"""
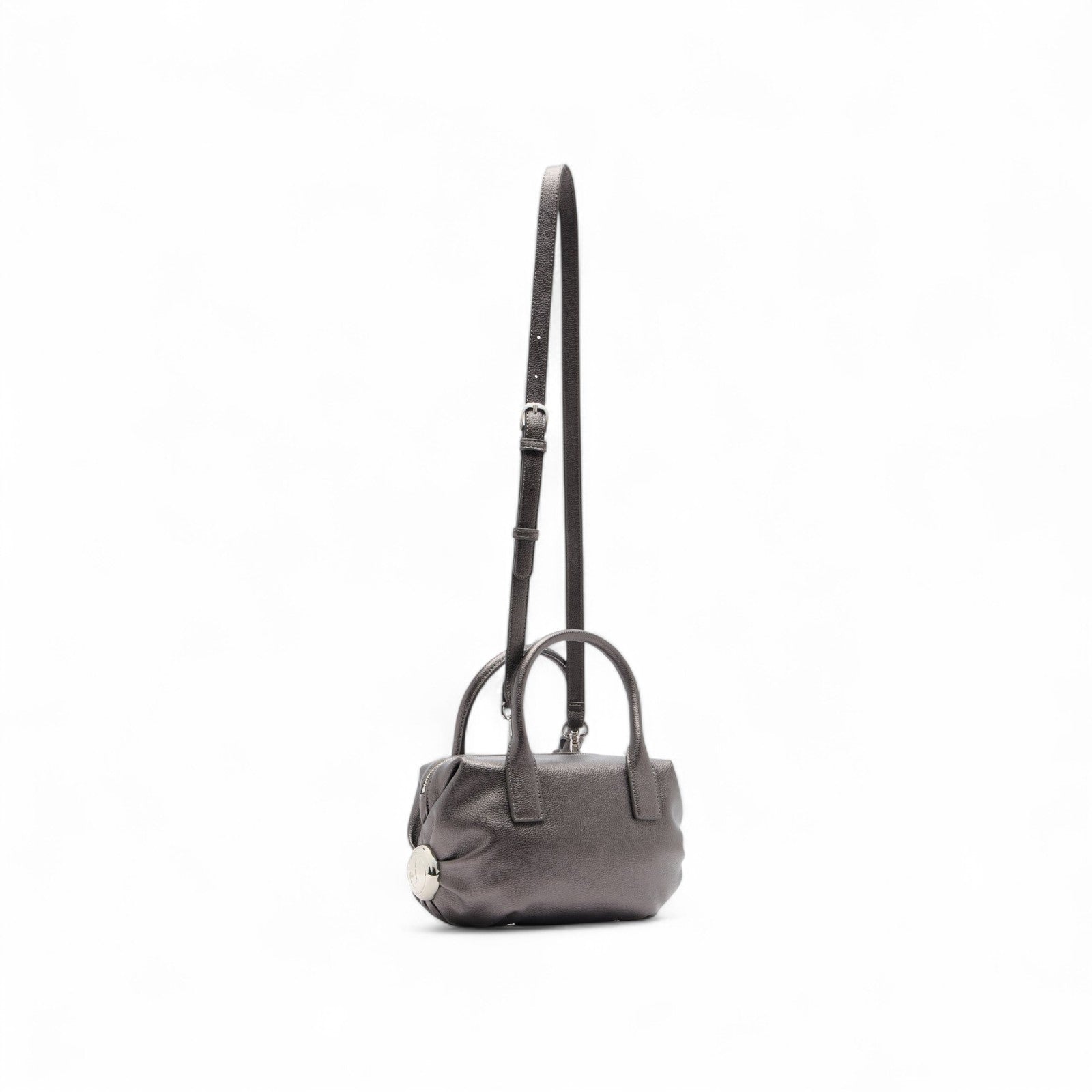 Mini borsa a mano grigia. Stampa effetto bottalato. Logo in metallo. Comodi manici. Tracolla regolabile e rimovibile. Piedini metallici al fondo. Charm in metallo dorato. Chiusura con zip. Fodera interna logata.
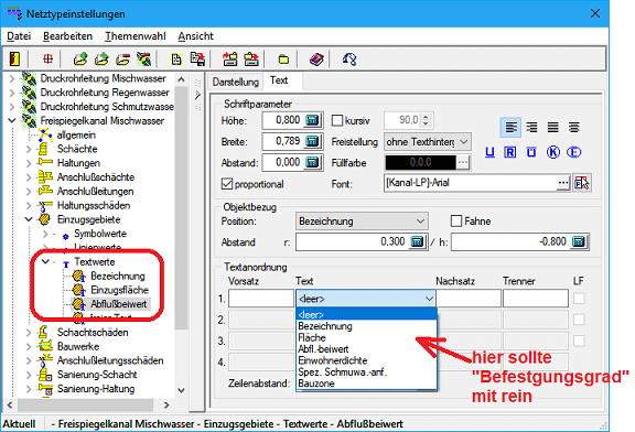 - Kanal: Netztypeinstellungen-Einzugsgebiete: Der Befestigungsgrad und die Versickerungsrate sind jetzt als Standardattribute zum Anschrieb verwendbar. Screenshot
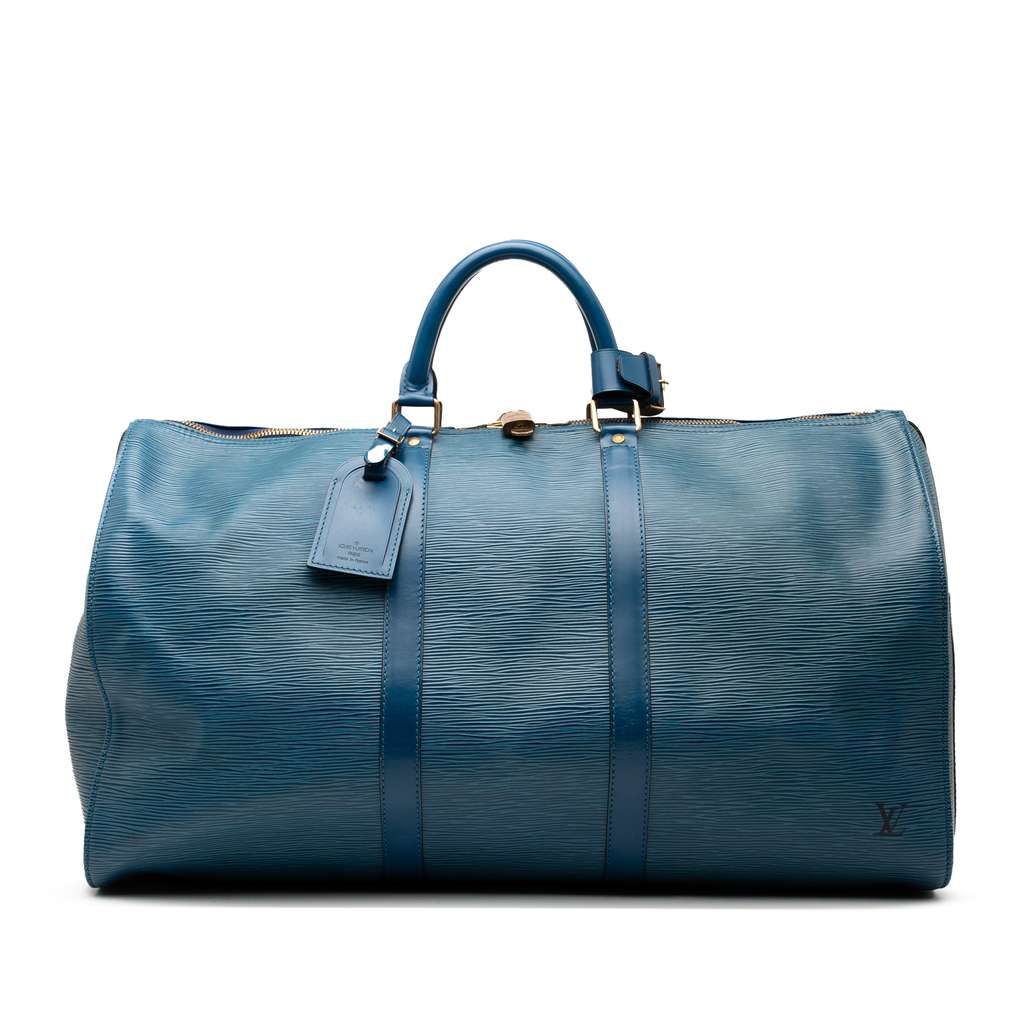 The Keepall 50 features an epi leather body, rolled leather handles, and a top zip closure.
"""
▸ About this task: Write out each line again, exactly as it appears above, except for any picture.

▸ Exercise solution:
 Mini borsa a mano grigia. Stampa effetto bottalato. Logo in metallo. Comodi manici. Tracolla regolabile e rimovibile. Piedini metallici al fondo. Charm in metallo dorato. Chiusura con zip. Fodera interna logata.
 - Kanal: Netztypeinstellungen-Einzugsgebiete: Der Befestigungsgrad und die Versickerungsrate sind jetzt als Standardattribute zum Anschrieb verwendbar. Screenshot
 The Keepall 50 features an epi leather body, rolled leather handles, and a top zip closure.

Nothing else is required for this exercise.